** Exercise instructions **
Please give back exactly the line with "ustvari svež občutek." and each line after it through the end of the material, leaving out the pictures.

** Data section **
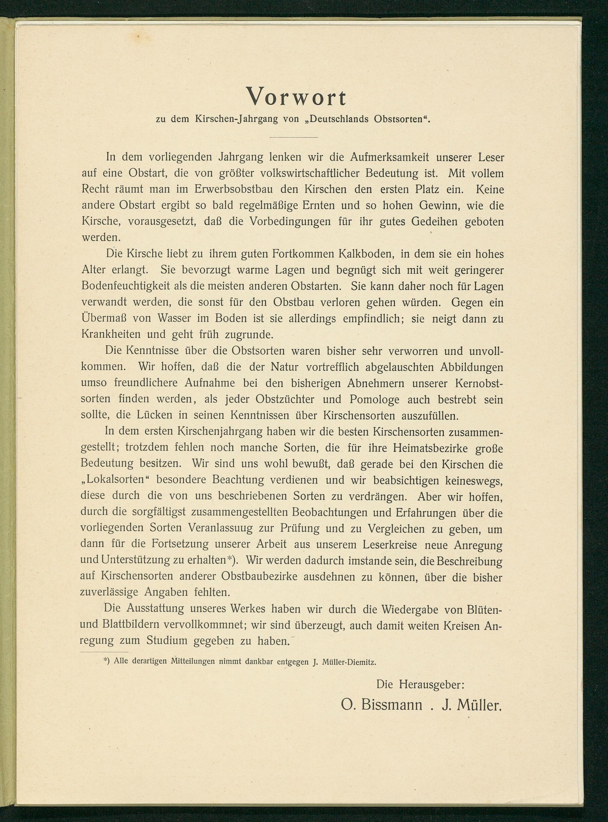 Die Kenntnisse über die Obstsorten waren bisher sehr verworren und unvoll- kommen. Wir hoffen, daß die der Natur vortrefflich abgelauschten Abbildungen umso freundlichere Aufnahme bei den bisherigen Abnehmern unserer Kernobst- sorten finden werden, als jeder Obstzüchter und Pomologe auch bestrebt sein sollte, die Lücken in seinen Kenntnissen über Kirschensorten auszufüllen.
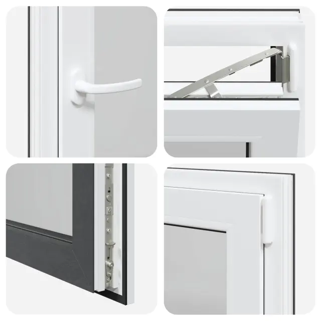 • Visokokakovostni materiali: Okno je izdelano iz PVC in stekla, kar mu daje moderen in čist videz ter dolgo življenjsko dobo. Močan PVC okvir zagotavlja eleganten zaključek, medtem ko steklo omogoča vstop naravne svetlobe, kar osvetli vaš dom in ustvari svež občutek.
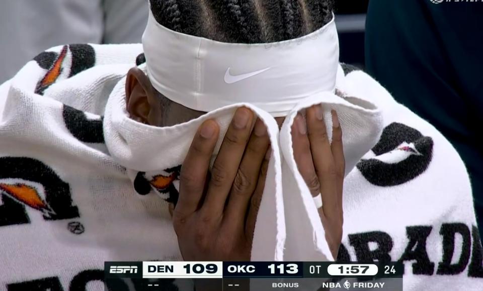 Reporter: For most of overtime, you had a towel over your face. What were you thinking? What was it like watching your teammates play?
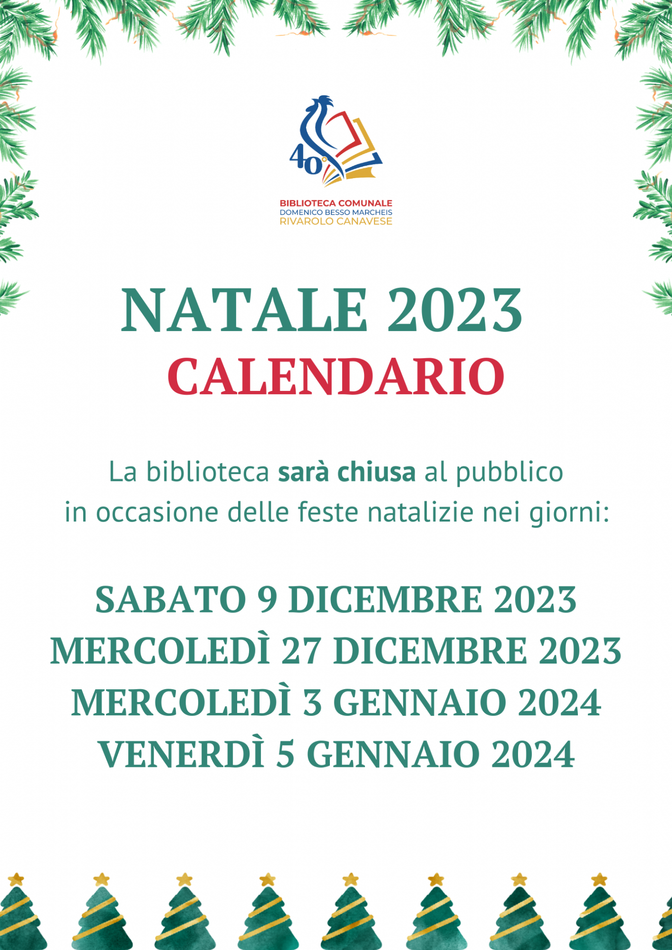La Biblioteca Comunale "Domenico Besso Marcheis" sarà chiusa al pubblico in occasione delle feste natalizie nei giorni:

** Exercise result **
 • Visokokakovostni materiali: Okno je izdelano iz PVC in stekla, kar mu daje moderen in čist videz ter dolgo življenjsko dobo. Močan PVC okvir zagotavlja eleganten zaključek, medtem ko steklo omogoča vstop naravne svetlobe, kar osvetli vaš dom in ustvari svež občutek.
 Reporter: For most of overtime, you had a towel over your face. What were you thinking? What was it like watching your teammates play?
La Biblioteca Comunale "Domenico Besso Marcheis" sarà chiusa al pubblico in occasione delle feste natalizie nei giorni:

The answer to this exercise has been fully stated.